**Information provided:**
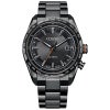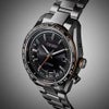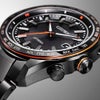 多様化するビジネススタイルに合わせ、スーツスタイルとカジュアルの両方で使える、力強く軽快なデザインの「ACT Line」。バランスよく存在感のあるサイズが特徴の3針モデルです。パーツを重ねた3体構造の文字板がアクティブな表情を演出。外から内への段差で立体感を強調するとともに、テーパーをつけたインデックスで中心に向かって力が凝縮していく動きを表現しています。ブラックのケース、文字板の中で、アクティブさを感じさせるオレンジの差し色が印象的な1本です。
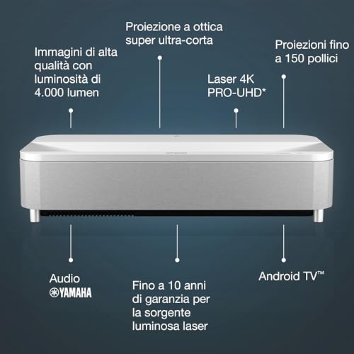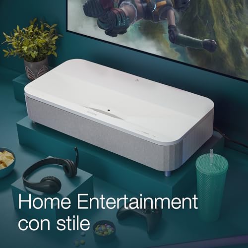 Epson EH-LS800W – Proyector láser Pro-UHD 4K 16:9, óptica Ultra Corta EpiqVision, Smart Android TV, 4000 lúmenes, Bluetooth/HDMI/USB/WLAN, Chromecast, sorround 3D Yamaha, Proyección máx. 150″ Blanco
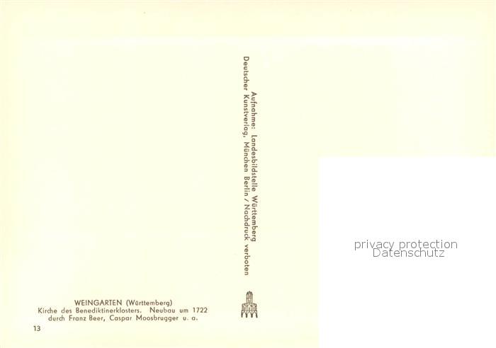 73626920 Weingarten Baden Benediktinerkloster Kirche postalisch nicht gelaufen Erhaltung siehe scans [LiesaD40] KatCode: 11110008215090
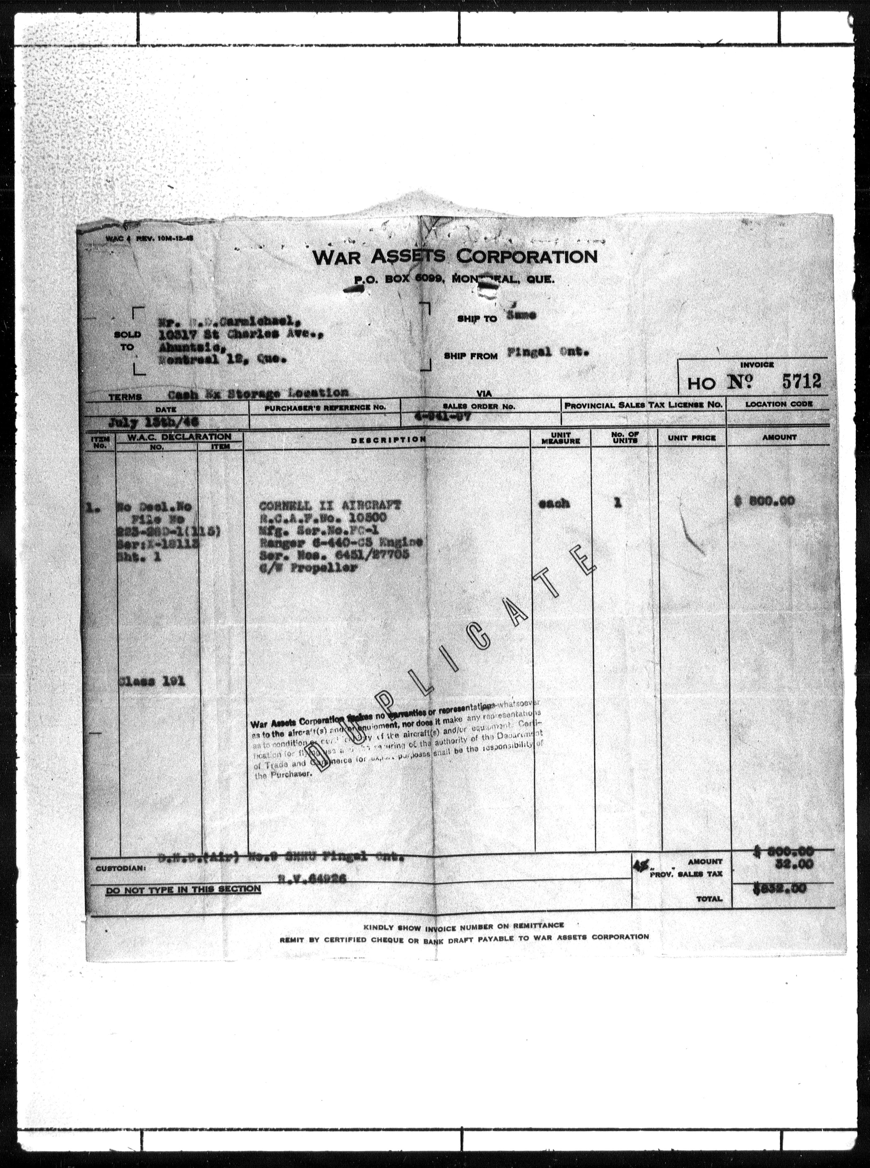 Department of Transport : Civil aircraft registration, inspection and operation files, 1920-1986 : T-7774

**What to do:** Write out the line that contains "Epson EH-LS800W –" and every line after it to the end of the data, exactly as they stand. Omit the pictures.

**Answer to this exercise:**
 Epson EH-LS800W – Proyector láser Pro-UHD 4K 16:9, óptica Ultra Corta EpiqVision, Smart Android TV, 4000 lúmenes, Bluetooth/HDMI/USB/WLAN, Chromecast, sorround 3D Yamaha, Proyección máx. 150″ Blanco
 73626920 Weingarten Baden Benediktinerkloster Kirche postalisch nicht gelaufen Erhaltung siehe scans [LiesaD40] KatCode: 11110008215090
 Department of Transport : Civil aircraft registration, inspection and operation files, 1920-1986 : T-7774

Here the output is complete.